We'll now perform some more complex operations by joining the `listings` dataset with the `reviews` dataset.

This will allow us to explore relationships between listings and their reviews — for example:

- Average review scores by neighborhood
- Number of reviews per listing
- Listings with unusually high/low review scores


### Step 1: Load the Reviews Dataset

In [None]:

# Load reviews using pandas
df_reviews_pd = pd.read_parquet("../data/nyc/nyc-reviews.parquet")
df_reviews_pd.head()


In [None]:

# Load reviews in Spark
df_reviews_spark = spark.read.parquet("../data/nyc/nyc-reviews.parquet")
df_reviews_spark.show(5)


In [None]:

# Load reviews in DuckDB
duckdb.sql("CREATE TABLE reviews AS SELECT * FROM '../data/nyc/nyc-reviews.parquet'")
duckdb.sql("SELECT * FROM reviews LIMIT 5")


### Q16: How many reviews does each listing have?

In [None]:

# Pandas
review_counts_pd = df_reviews_pd.groupby("listing_id").size().reset_index(name="num_reviews")
df_joined_pd = df_pd.merge(review_counts_pd, how="left", left_on="id", right_on="listing_id")
df_joined_pd[["id", "name", "num_reviews"]].head()


In [None]:

# PySpark
from pyspark.sql.functions import count
review_counts_spark = df_reviews_spark.groupBy("listing_id").agg(count("*").alias("num_reviews"))
df_joined_spark = df_spark.join(review_counts_spark, df_spark.id == review_counts_spark.listing_id, "left")
df_joined_spark.select("id", "name", "num_reviews").show(5)


In [None]:

# DuckDB
duckdb.sql("""
CREATE TABLE joined AS
SELECT l.*, COUNT(r.id) AS num_reviews
FROM listings l
LEFT JOIN reviews r ON l.id = r.listing_id
GROUP BY l.*
LIMIT 5
""")


### Q17: What's the average number of reviews per room type?

In [None]:

df_joined_pd.groupby("room_type")["num_reviews"].mean()


In [None]:

df_joined_spark.groupBy("room_type").avg("num_reviews").show()


In [None]:

duckdb.sql("SELECT room_type, AVG(num_reviews) FROM joined GROUP BY room_type")

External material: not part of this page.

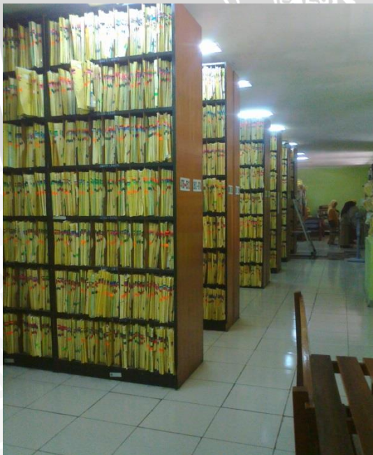
Gambar 12.2 Ruang Penyimpanan Berkas Rekam Medis Pasien RSUD Dr.Saiful Anwar Malang
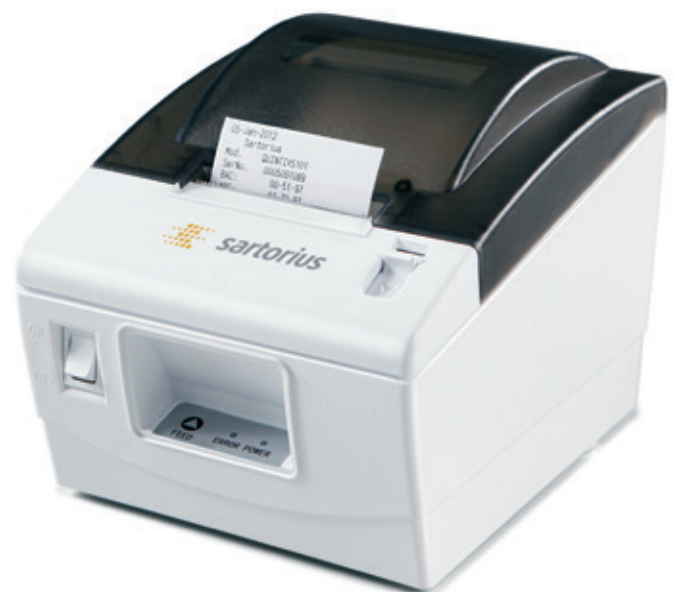
YDP40, stampante da laboratorio standard

### Q18: What are the top 5 listings by number of reviews?

In [None]:

df_joined_pd.sort_values("num_reviews", ascending=False)[["name", "host_name", "num_reviews"]].head()


In [None]:

df_joined_spark.select("name", "host_name", "num_reviews").orderBy("num_reviews", ascending=False).show(5)


In [None]:

duckdb.sql("SELECT name, host_name, num_reviews FROM joined ORDER BY num_reviews DESC LIMIT 5")